Virulence factors are gene products that facilitate the microorganism to launch itself as a pathogen. These factors enable its interaction with the cells inside a host. There is huge list of virulence factors, which includes cell surface protein and carbohydrates for attachment and protection respectively, bacterial toxins and hydrolytic enzymes. For identification of these factors in N. meningitidis H44/76, we had used VICMpred [40] and VIRULENTpred [41]. These methods are based on Support Vector Machine (SVM). The accuracy rate of VICMpred and VIRULENTpred is 70.75% and 81.8% respectively. The results are produced in Supplementary Table A.6.

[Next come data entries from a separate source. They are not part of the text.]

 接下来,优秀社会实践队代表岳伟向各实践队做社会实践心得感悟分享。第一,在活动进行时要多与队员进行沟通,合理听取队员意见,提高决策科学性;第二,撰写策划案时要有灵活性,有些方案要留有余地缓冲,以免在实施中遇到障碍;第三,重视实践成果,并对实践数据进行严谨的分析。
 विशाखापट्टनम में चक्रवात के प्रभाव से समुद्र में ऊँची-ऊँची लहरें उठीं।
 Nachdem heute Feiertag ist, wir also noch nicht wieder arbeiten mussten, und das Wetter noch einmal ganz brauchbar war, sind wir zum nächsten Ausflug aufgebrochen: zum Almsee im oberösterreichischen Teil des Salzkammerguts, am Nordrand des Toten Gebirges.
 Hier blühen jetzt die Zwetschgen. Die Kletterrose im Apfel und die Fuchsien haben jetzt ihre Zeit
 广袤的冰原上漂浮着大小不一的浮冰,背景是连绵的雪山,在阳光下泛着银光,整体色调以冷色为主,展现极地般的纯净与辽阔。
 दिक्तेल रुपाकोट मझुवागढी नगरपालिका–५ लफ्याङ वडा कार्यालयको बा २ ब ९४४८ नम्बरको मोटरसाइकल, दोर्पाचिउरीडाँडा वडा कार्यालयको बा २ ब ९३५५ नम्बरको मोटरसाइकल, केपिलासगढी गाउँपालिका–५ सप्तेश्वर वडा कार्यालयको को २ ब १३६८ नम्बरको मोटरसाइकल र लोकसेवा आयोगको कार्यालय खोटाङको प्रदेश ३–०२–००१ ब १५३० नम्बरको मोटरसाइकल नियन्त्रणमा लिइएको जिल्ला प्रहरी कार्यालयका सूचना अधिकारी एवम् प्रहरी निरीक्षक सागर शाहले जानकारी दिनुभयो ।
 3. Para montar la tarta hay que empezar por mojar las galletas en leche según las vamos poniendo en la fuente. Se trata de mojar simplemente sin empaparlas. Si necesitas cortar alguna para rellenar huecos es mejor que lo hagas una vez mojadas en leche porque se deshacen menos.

2.7. Protein-Protein Interaction Prediction

It is crucial to gather system level information of the cellular functions. It requires correct annotation of functional interactions among proteins. In bioinformatics, we have several computational tools to detect these interacting partners. Here, we have used STRING 9.1 database to search known and predicted protein interacting partners (Supplementary Table A.5). These relations can be physical or functional interactions. STRING is an integrated tool that uses data from genomic context, high throughput experiments, conserved/co-expressed and from previous knowledge available in the text [42].

3. Results and Discussion

3.1. Sequence Analysis

The BLASTp was used to analyze HP sequences on the basis of homology. We had analyzed 525 HPs out of which 334 had been predicted to have their homologs (Supplementary Table A.3). These results were used for precise functional annotation of HPs in N. meningitidis along with the results obtained from other analysis. For example, HP E6MU35 was found similar to alanine racemase protein. HP E6MU60 was found to be homologous to cyanate hydratase.

3.2. Physiochemical Characterization

On the basis of instability index computed by ProtParam, 311 proteins were found stable (Supplementary Table A.1). The instability index for HPs was ranging from 40.01 to 82.07. The HPs belonging to this range were found to be unstable. Other analysis performed by ProtParam for the physiochemical characterization of HPs. The pI prediction helps in developing the buffer systems which are crucial for Isoelectric Focusing. Extinction coefficient was predicted on the basis of the concentration of Cys, Trp and Tyr amino acids within the protein sequence. It is important to know about extinction coefficient of the proteins in the drug development process. The Extinction coefficient helps in studying the protein-ligand and protein-protein interactions. Aliphatic index depends on the presence of aliphatic groups in the sequence. The number of aliphatic residues in the protein sequences increases the incidence of thermal stability in the case of globular proteins. The higher the aliphatic index, greater will be the protein’s thermal stability. GRAVY value helps in determining the extent of protein-water interaction. The HPs, predicted with low GRAVY score are likely to interact better with water [13].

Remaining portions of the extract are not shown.